Amor Towles lässt seine Geschichte aus unterschiedlichen Perspektiven sich entwickeln, in dem er kapitelweise die Hauptfigur wechselt – mal begleiten wir den ehemaligen Kriminalbeamten, der seine lange nicht mehr genutzte Berufserfahrung wieder einsetzen darf, mal den alternden Schauspieler, dessen einstiger Ruhm längst verblasst ist, und immer wieder die junge Eve, die gewitzt, raffiniert und skrupellos die dominierende Männerwelt mit den Waffen einer Frau reinlegt.

„Eve“ beginnt zunächst als Gesellschaftssatire. Der Autor schildert die Zeit der legendären 1930er Jahre in Hollywood, in der sich die aufstrebenden Filmstudios gegenseitig die Akteure abjagen und im harten Konkurrenzkampf bereit sind, jedes Mittel einzusetzen: „Studioleiter … fesseln Schauspieler in Verträgen von der Dicke des Telefonbuchs. … Sie sind geheimniskrämerisch und raffiniert und manipulativ und würden selbst mit der eigenen Mutter keinen trockenen Cracker teilen.“ Doch schon nach wenigen Kapiteln wird aus der allgemeinen Gesellschaftssatire zusätzlich ein spannender, durchaus auch unterhaltsamer Kriminalroman, dessen Geschehen – durch den immer schon nach nur wenigen Seiten erfolgenden Wechsel des Protagonisten dramaturgisch raffiniert aufgebaut – fast zum pausenlosen Weiterlesen zwingt.
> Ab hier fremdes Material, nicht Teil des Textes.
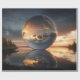 This surreal artwork captures a breathtaking moment where the sky, earth, and water fold into a single, luminous reflection. A colossal mirror-like sphere rests gently above a calm lake, encapsulating a dramatic sunset filled with glowing clouds, fading light, and deep atmospheric tones. The sphere reflects the entire horizon—sky above and water below—creating a mesmerizing illusion of a world contained within itself.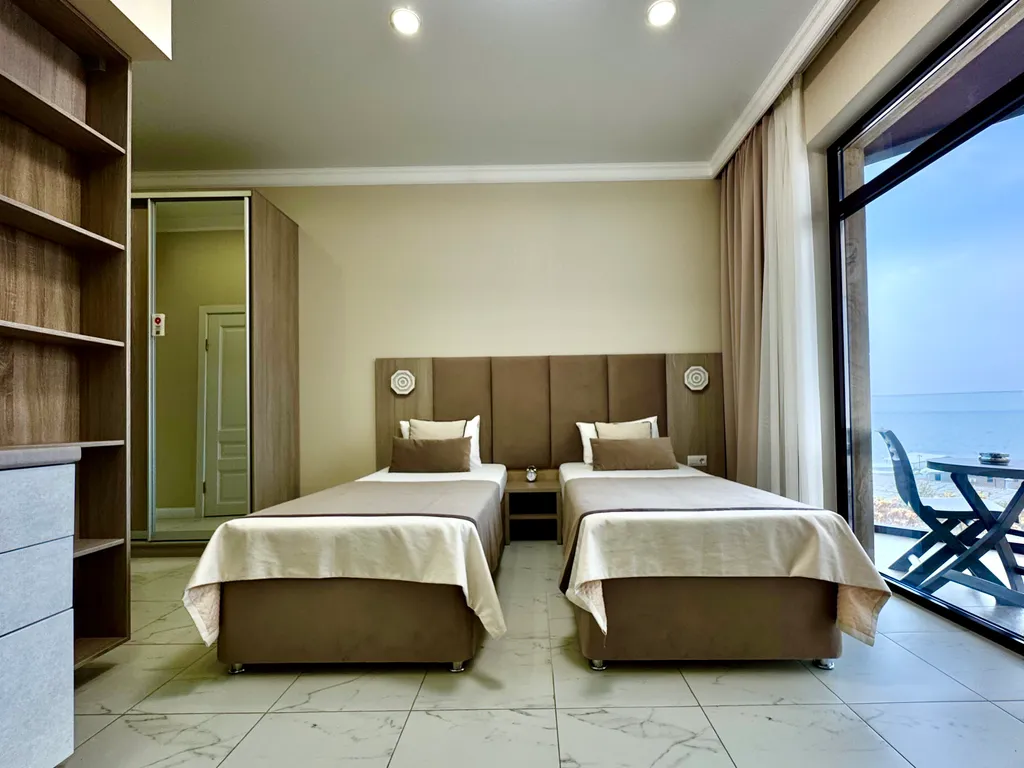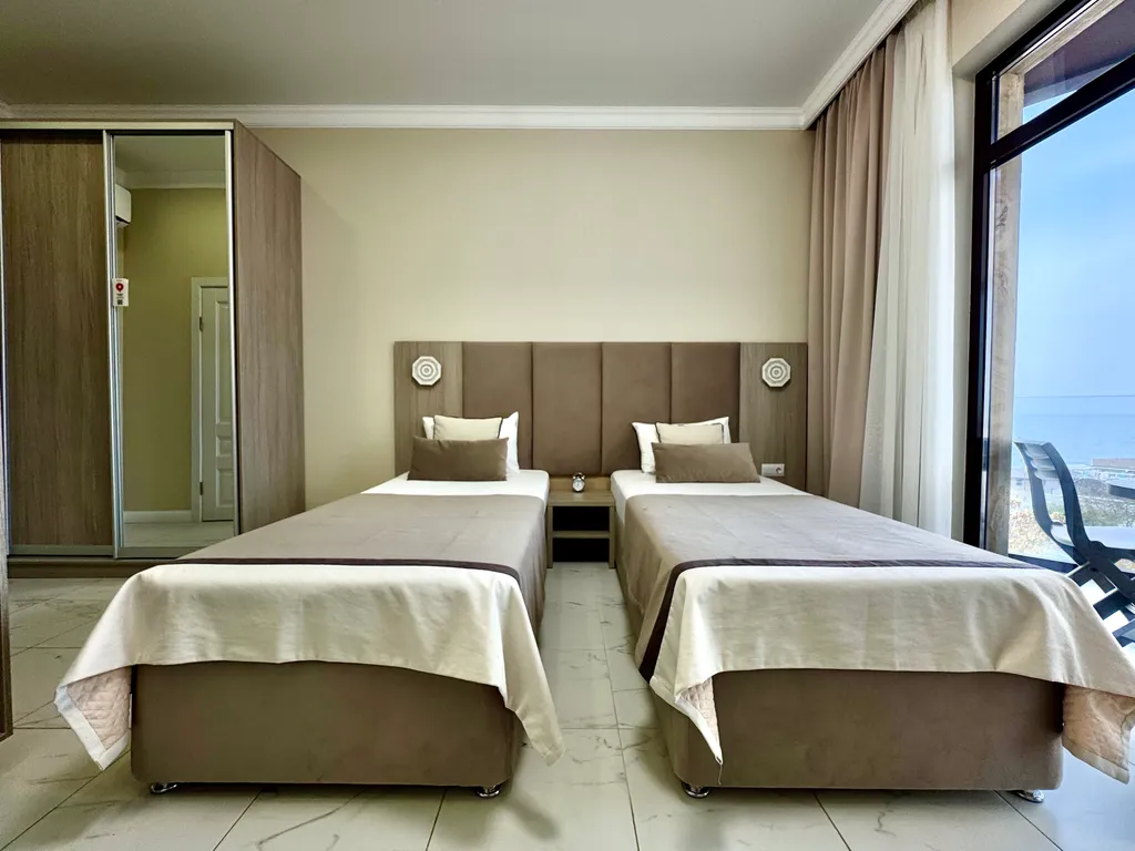 Вместимость апартамента до 3 гостей: две односпальные кровати (90×200) + кресло-кровать для (90×190).

Was erst drei Jahre später Amor Towles Roman „Ein Gentleman in Moskau“ zum internationalen Bestseller machen wird, ist auch schon in „Eve“ zu spüren – dieser ihm eigene elegante und dank der Übersetzerin Susanne Höbel unverändert angenehme Sprachstil, der alles so leicht und locker, so unbeschwert und selbst die härtesten satirischen Tiefschläge gegen die Filmindustrie Hollywoods immer noch witzig erscheinen lässt. In Towles Figur des alternden Schauspielers Prentice kann man einen Vorläufer seines Moskauer Gentleman erkennen, leben doch beide als „Gefangene“ in einem Nobelhotel. Es gibt also gleich mehrere Gründe und macht großen Spaß, den schon zehn Jahre alten Kurzroman „Eve“ von Amor Towles endlich lesen zu dürfen.